2. We annotate the input data to comply with the experimental design. We specify which files correspond to which condition via the interactive Table Editor node wrapped in the Annotate conditions for files component (Fig. 1).
3. We start the actual data processing with feature finding via the FeatureFinderMetabo node. Its algorithm tries to find interesting regions that look like isotopic mass traces of the same compound in the mass over charge (m/z) and retention time (RT) dimensions. This is done without the knowledge of potential compounds and their locations (Fig. 2). Quantification also happens in this node, by summing all signals that belong to a found feature. We will use the mass-to-charge ratio and retention time of the highest peak in its monoisotopic trace as the location/position of a feature.

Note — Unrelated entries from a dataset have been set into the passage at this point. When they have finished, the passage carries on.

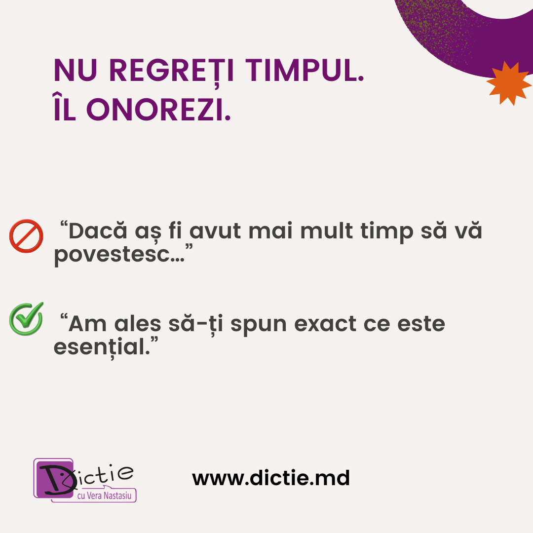 👉 Spune esențialul. Restul nu contează.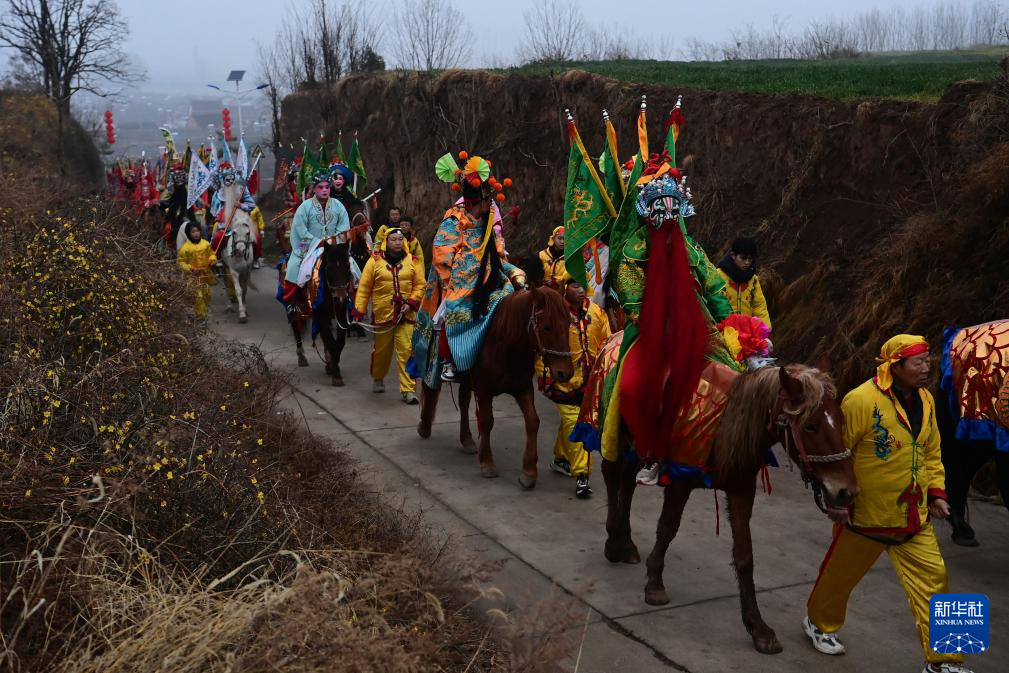 3月2日,人们在路边跟随陇县黄花峪村社火队游演。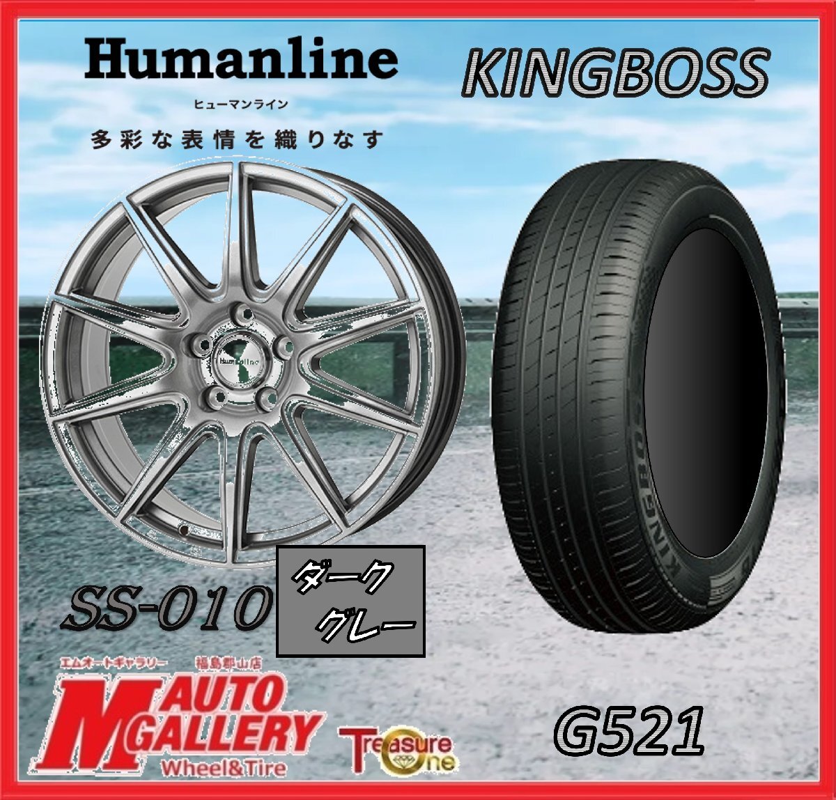 > 郡山店★サマータイヤホイールSET★ヒューマンラインSS-010 15インチ 6.0J 5H114+43&キングボス G521 195/65R15 91H★セレナなど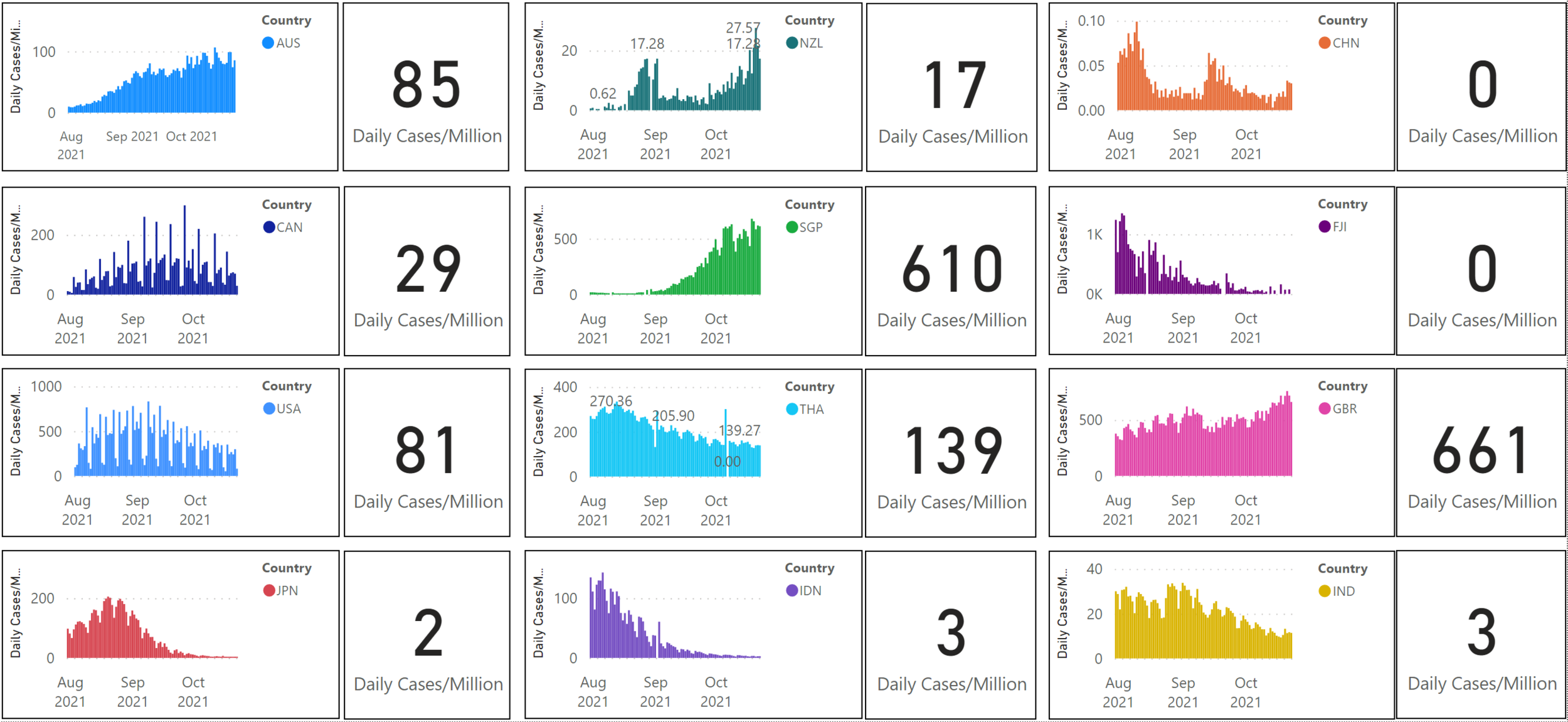 Conversely, the United Kingdom, despite a clear mandate from Government to “live with Covid” and with relatively few restrictions on the ground, has seen cases spiral to 661 new cases per million. And Singapore, despite topping the vaccination rates of analysed countries, has seen cases increase to 610 per million which, among a high-density population, poses risks to travellers and has seen lockdown measures be put in place there once again.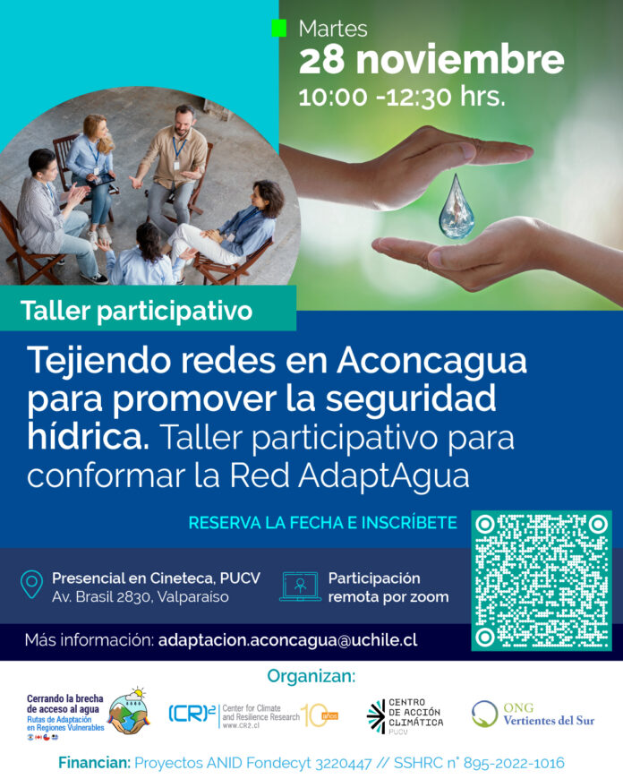 El próximo martes 28 de noviembre a las 10:00 am se realizará el seminario: «Tejiendo redes en Aconcagua para promover la seguridad hídrica. Taller participativo para conformar la Red AdaptAgua».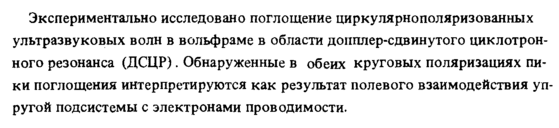 Экспериментально исследовано поглощение циркулярнополяризованных ультразвуковых волн в вольфраме в области допплер-сдвинутого циклотронного резонанса (ДСЦР) . Обнаруженные в обеих круговых поляризациях пики поглощения интерпретируются как результат полевого взаимодействия упругой подсистемы с электронами проводимости.

Hint: In the configuration dialogue of this node, important settings like the minimum intensity of a feature or a minimum signal-to-noise ratio can be manually adjusted.
When dealing with metabolites, one should also consider that different features may arise from the same molecule, with different charges and/or adducts. Adduct groups can be found as similar features with certain mass distances, and can help in future steps like alignment and identification. We assign adducts to the features in two sequential MetaboliteAdductDecharger nodes by considering the most likely adducts first (Fig. 3).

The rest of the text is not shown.